WALBERLA_DEVICE_SECTION() {
cudaMalloc(...);
cudaMemcpy(...);
}
as an alternative to the previous
#if defined(WALBERLA_BUILD_WITH_CUDA)
cudaMalloc(...);
cudaMemcpy(...);
#endif
- Synchronize timers with
cudaDeviceSynchronize
when using CUDA. A specialized DeviceSynchronizePolicy was introduced for this purpose. Note that this policy is only meant for measuring individual kernels and can degrade the performance of overlapping kernels. - (Sweep)Timeloops had functions that were only implemented for WcPolicy timers -> Added timing policy as a template argument and exported
DeviceSynchronizeSweepTimeloop
,DeviceSynchronizeTimeloop
, ... class names via "using" directives.

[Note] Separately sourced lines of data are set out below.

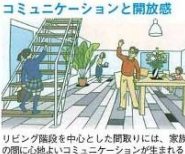
コミュニケーションと開放感

リビング階段を中心とした間取りには、家族の間に心地よいコミュニケーションが生まれる。
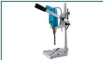
Boorstandaard Euronorm 43 (1 stuks) - A-36712 - 0088381183154
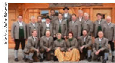
Beitrag Foto: Andrea Mändlestein

Die Pfrontener Alphornbläser blicken als die im Allgäu älteste Alphorngruppe auf eine lange Geschichte zurück, die bis in die Mitte des letzten Jahrhunderts zurückreicht. In der aktuellen Besetzung treten die fünf Herren und eine Dame rund 20 mal im Jahr zu verschiedenen Anlässen auf. Doch auch der Nachwuchs steht schon in den Startlöchern, so dass sich Einheimische und Gäste weiterhin vom faszinierenden, melodischen Klang der Alphörner begeistern lassen können.
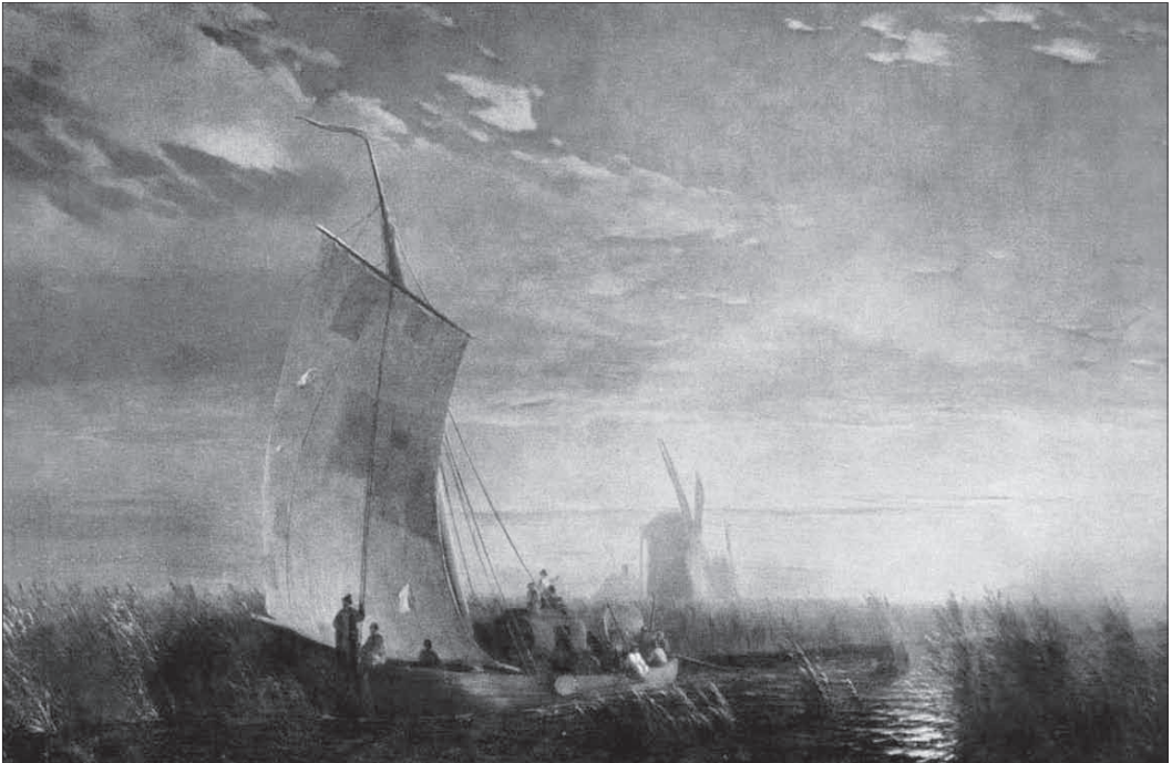
Іван Айвазовський. Очерет на Дніпрі поблизу Олешок, 1858 р.

баталії та види з суші на море, а й живописні краєвиди українського причорноморського степу, при цьому з глибоким розумінням змальовував життя чумаків та рибалок у картинах «Пейзаж з вітряками» (1860), «Валка чумаків» (1862), «Український пейзаж з чумаками при місяці» (1869), «Чумаки на відпочинку» (1885), «Валка в степу» та побут українського народу у картинах «Очерет на Дніпрі» (1857), «Український пейзаж» (1868), «Млин на березі річки. Україна» (1880). На полотнах художника збереглися численні пейзажі Криму та материкової України, зокрема, його картини дають уявлення про те, як виглядали міста Ялта, Гурзуф, Одеса, Феодосія на початку ХІХ ст.: «Ялта» (1838), «Місячна ніч у Криму. Гурзуф» (1839), «Одеса» (1840), «Вид в Криму після заходу сонця» (1862), «Феодосія. Захід сонця» (1865),
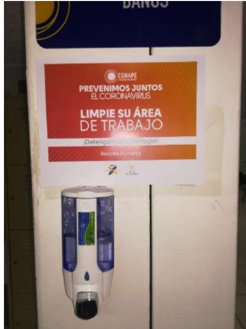
Fotografía tomada en el edificio central

Dispensadores de alcohol en gel ubicados en distintas áreas comunes para el personal y para los clientes
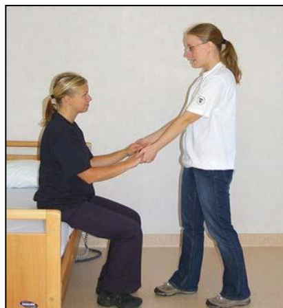
Stå i gångställning rakt mot patienten.
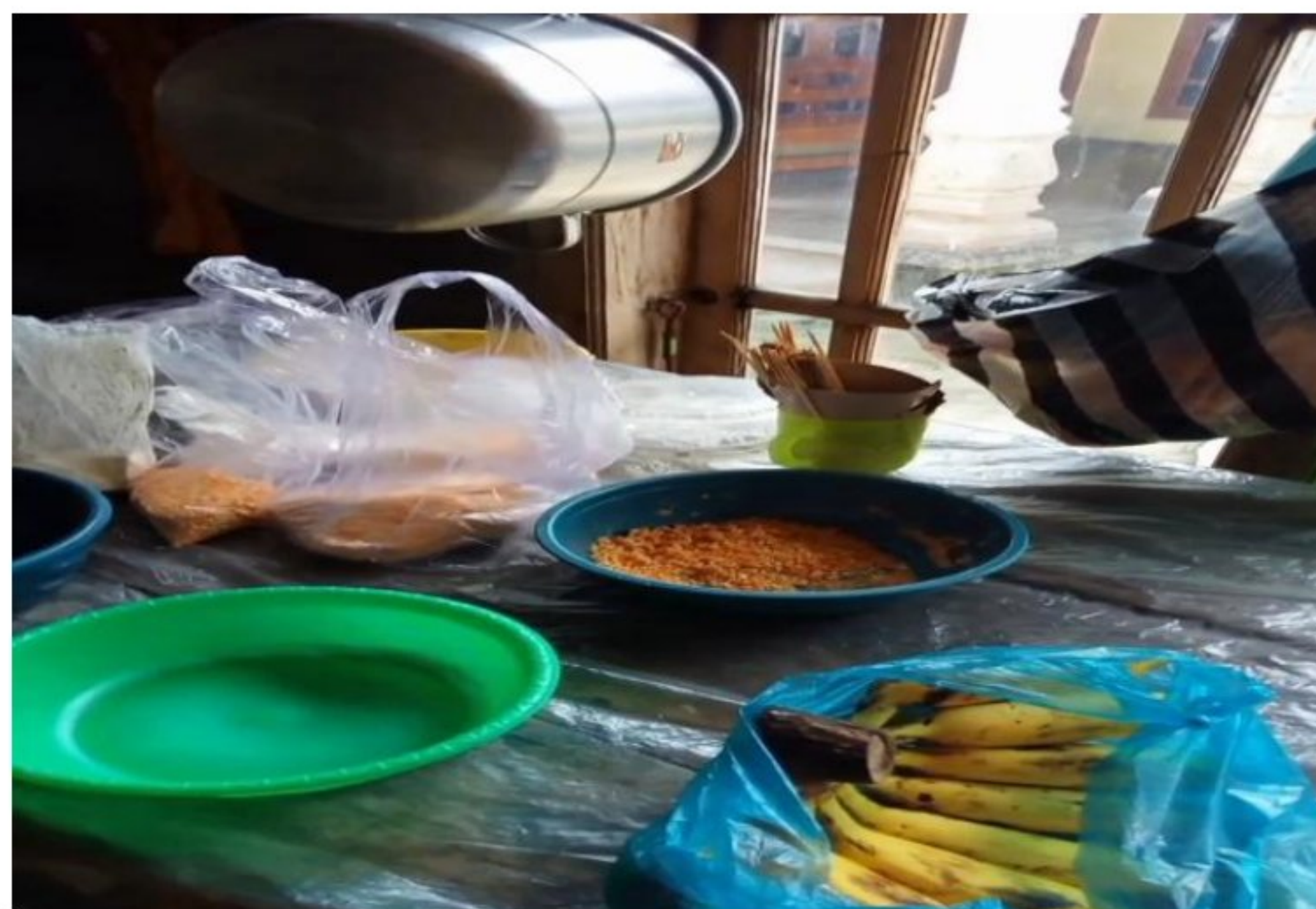
Gambar 1.11 Mempersiapkan Bahan-bahan Pembuatan Banana Royall
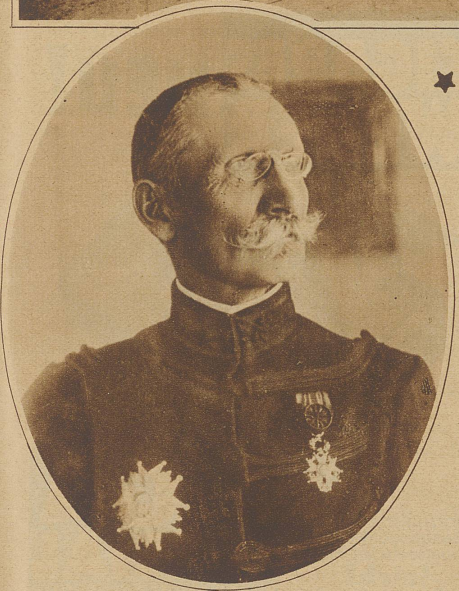
Der französische General Percin ist in Paris 82-jährig gestorben. Der Verstorbene spielte im Weltkrieg als Armeeführer eine große Rolle und trat nun in den letzten Jahren als pacifistischer Schriftsteller hervor
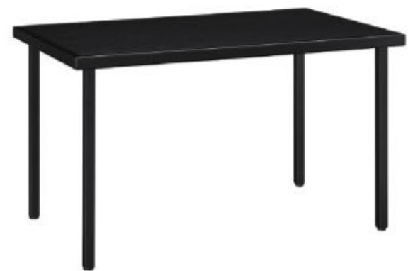
HI - 天美 B 脚部 4150 天板 9475 W1200 × D750 × H700mm ¥104,000
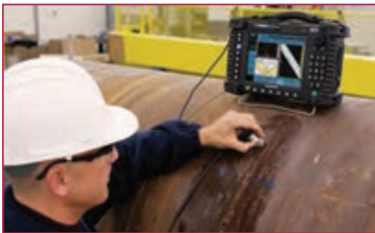
شکل ۶-۱- بازرسی جوش (تست التراسونیک)
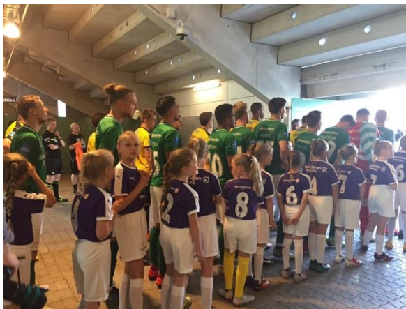
Spændte fodboldpiger, klar til indløb på Viborg stadion.

Inden de fleste piger startede sommerferien med en uge på fodboldskole, blev der lige tid til en fælles oplevelse på Viborg stadion, hvor pigerne fik oplevelsen af at lave indløb til kampen mellem Viborg og Hobro. Bagefter var der højt humør blandt pigerne på tilskuerpladserne på trods af at Viborg måtte se sig besejret.
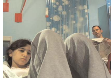
GUY BEN-NER Stealing Beauty, 2007
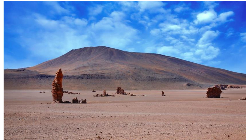
Figura N° 46 Testigo de la Pacama

Conjunto de estructuras rocosas en forma de columnas, que se han conservado hasta el día de hoy y que son testigos de violentas actividades volcánicas ocurridas durante el Terciario. Se ubican en el Salar de Tara (Servicio Nacional de Turismo, 2012).
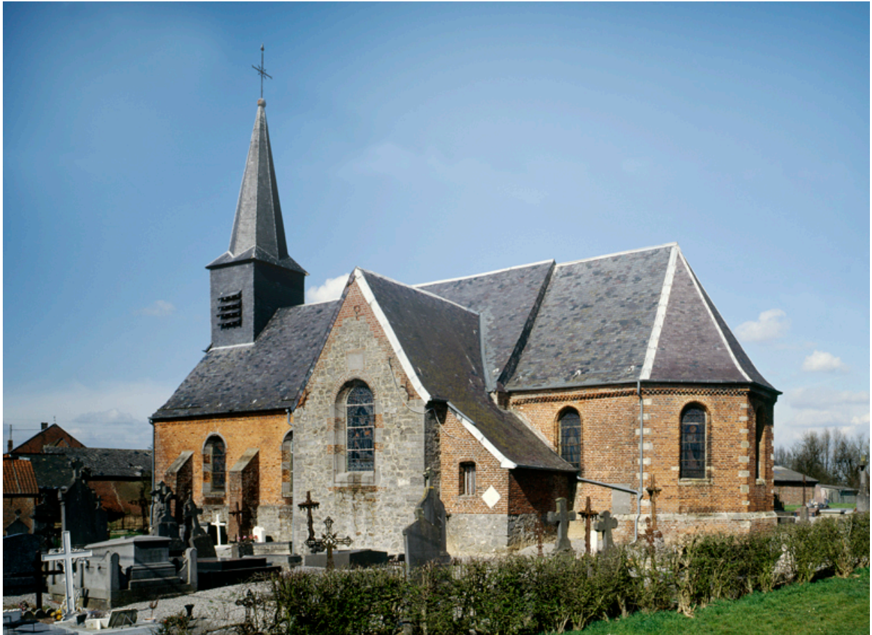
Vue générale, depuis le sud-est.
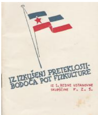
Začetki fizikulture v Sloveniji v letu 1945

Takoj po drugi svetovni vojni v letu 1945 se je bilo poleg obnove domovine potrebno nameniti skrb tudi narodovi zdravstveni obnovi, kjer pomaga predvsem organizirana telesna vzgoja. To je bilo poudarjeno tudi v dopisu o nujnosti telesne vzgoje, ki so ga predstavniki Slovenskega Primorja, odseka za prosveto oddelka za telesno vzgojo iz Ajdovščine 13.decembra 1945 naslovili vsem šolam, društvom in množičnim organizacijam v razpravo.
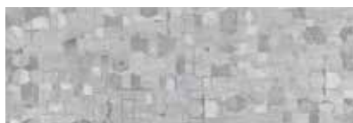
ST833 Geome, Azur
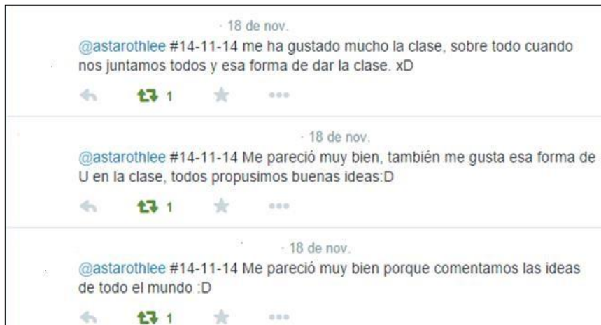
Imagen 4. Ejemplo de la actividad 4

Esta actividad se realizaba en todas las sesiones pues pretendíamos que en Twitter comentasen qué les había parecido la clase de lectura de esa semana y las actividades desarrolladas. Incluso, podían indicar algunos aspectos de mejora que se tenían en cuenta para las sesiones posteriores.
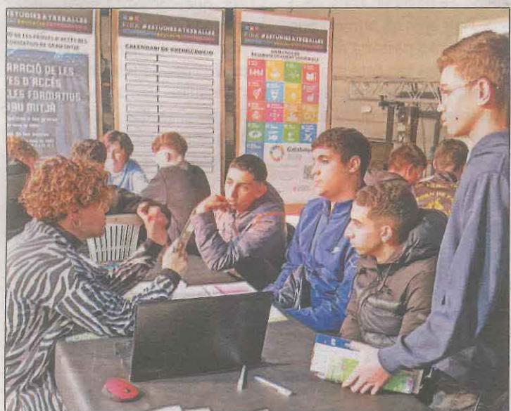
Joves s'informen de les ofertes en un dels estands

Els treballs consistiran en la regularització i reparació de l'esplanada, la millora del paviment del camí, l'adequació dels elements de drenatge, la neteja i perfilat de cunetes, i la millora de la senyalització vertical i horitzontal. En paral·lel, amb la voluntat de contribuir a la millora de les connexions a les zones de muntanya, el Departament de Territori està analitzant conjuntament amb l'Ajuntament de Sant Esteve de la Sarga l'estat de la xarxa de camins. Altres ajuts han permès l'arranjament dels camins de Sant Esteve de la Sarga a Alsamora i de Sant Esteve de la Sarga a Castissent.
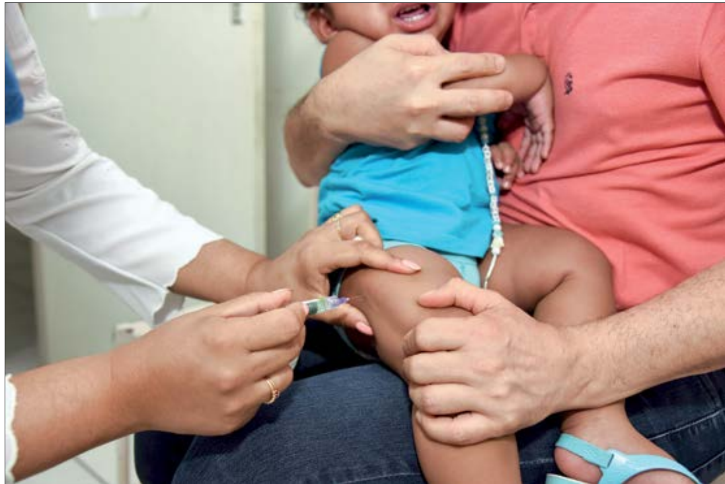
Todas as unidades básicas de saúde estão aplicando vacinas da campanha de multivacinação

No veículo roubado foi encontrado duas televisões e com o suspeito baleado a carteira da vítima.
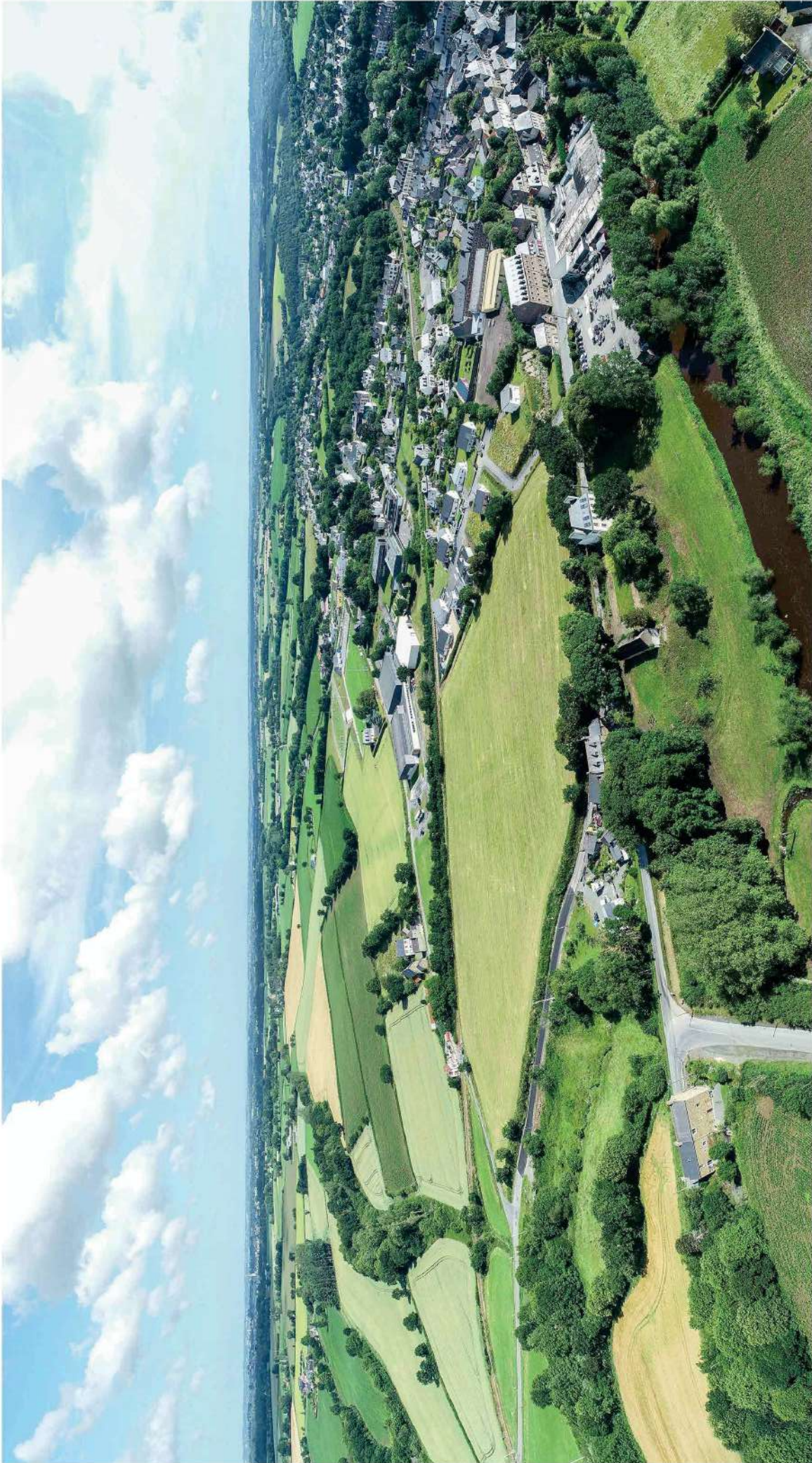
PHOTOGRAPHIE LOINTAINE PC8
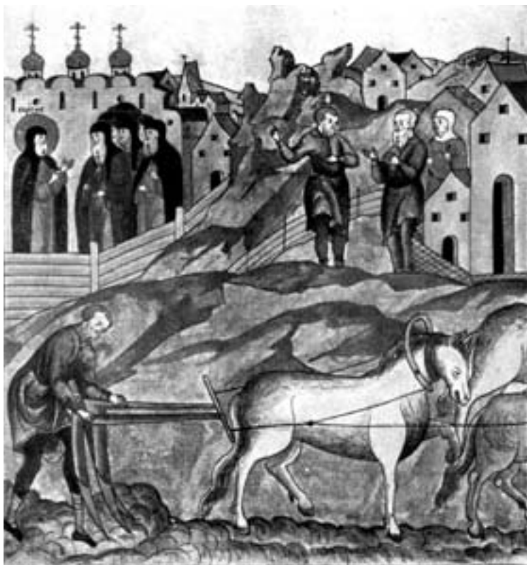
Пахота в Древней Руси. Миниатюра из Лицевого свода

Теоретически рассуждая и исходя из положения, что рабство предшествует крепостничеству, более чем вероятно, что рабовладелец, стремясь подчинить себе крестьянина, был мало склонен проводить какую-либо большую разницу в степени своей власти над рабом и крепостным, считая и того и другого своими людьми. Но наличие крестьянской общины, этого оплота крестьянской независимости, во всяком случае, должно было сыграть весьма определенную роль по отношению к массе свободных смердов, задерживая темпы процесса феодализации, с одной стороны, и с другой — смягчая формы крестьянской зависимости. Как конкретно протекал этот процесс в ранней своей стадии в обществе, занявшем территорию Восточной Европы, мы, к сожалению, ничего не можем сказать точно. Во всяком случае, приведенные уже выше факты говорят о том, что и этот свободный смерд путем
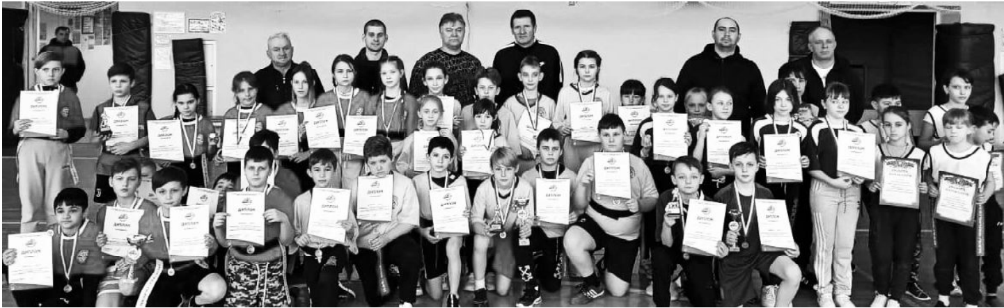
■ Участники муниципального этапа первенства области с наградами.

В начале ноября прошлого года Ростовская федерация регби запустила новый проект – программу «Развитие детского регби в муниципальных районах Ростовской области». В рамках проекта в ноябре 2020 года в Ростове-на-Дону группа педагогов Обливского района приняла участие в семинаре по тэг-регби для учителей и тренеров. Сразу после пройденного курса обучения преподаватели приступили к занятиям с детьми по новому виду спорта. И вот, 17 марта, в спортивном зале МБУ ДО Обливская ДЮСШ состоялся муниципальный этап Первенства области – Кубок Ростсельмаша по тэг-регби среди обучающихся общеобразовательных учреждений Обливского района 2010-2011 года рождения. В соревнованиях приняли участие команды МБОУ Обливская

CUDA applications can now use timing pools as in the following:
DeviceSynchronizeTimingPool timeloopTiming;
DeviceSynchronizeSweepTimeloop timeloop(blocks, nrOfSteps);
and still make use of the single-stepping scheme
for (int t = 0; t < nrOfSteps; ++t) {
// perform a single simulation step
timeloop.singleStep(timeloopTiming);
// sub-cycles or other routines that do not belong in the timeloop
// ...
}
- Integrate new CUDA wrappers in the src/cuda module, e.g. for cudaMemcpy
inline cudaError_t cudaMemcpy(void* /*dst*/, const void* /*src*/, size_t /*count*/, cudaMemcpyKind /*kind*/) { WALBERLA_DEVICE_FUNCTION_ERROR }
- There are currently no NVTX wrappers implemented. The cuda/NVTX.h header is now appropriately wrapped with a
WALBERLA_BUILD_WITH_CUDA
pragma. - Extended existing MPI wrapper functions a little.
-
Adapted existing apps (review required from maintainers of apps):Edit: this was reverted as it should be done in a separate MR. - CMake infrastructure is slightly adapted. cuda module is always built -> in most cases something like this is not necessary anymore
if (WALBERLA_BUILD_WITH_CUDA)
waLBerla_add_executable( NAME xyz FILE abc.cpp
DEPENDS ... cuda )
else ()
waLBerla_add_executable( NAME xyz FILE abc.cpp
DEPENDS ...)
endif (WALBERLA_BUILD_WITH_CUDA)
If your app requires the cuda module, you can simply use
waLBerla_add_executable( NAME xyz FILE abc.cpp
DEPENDS ... gpu )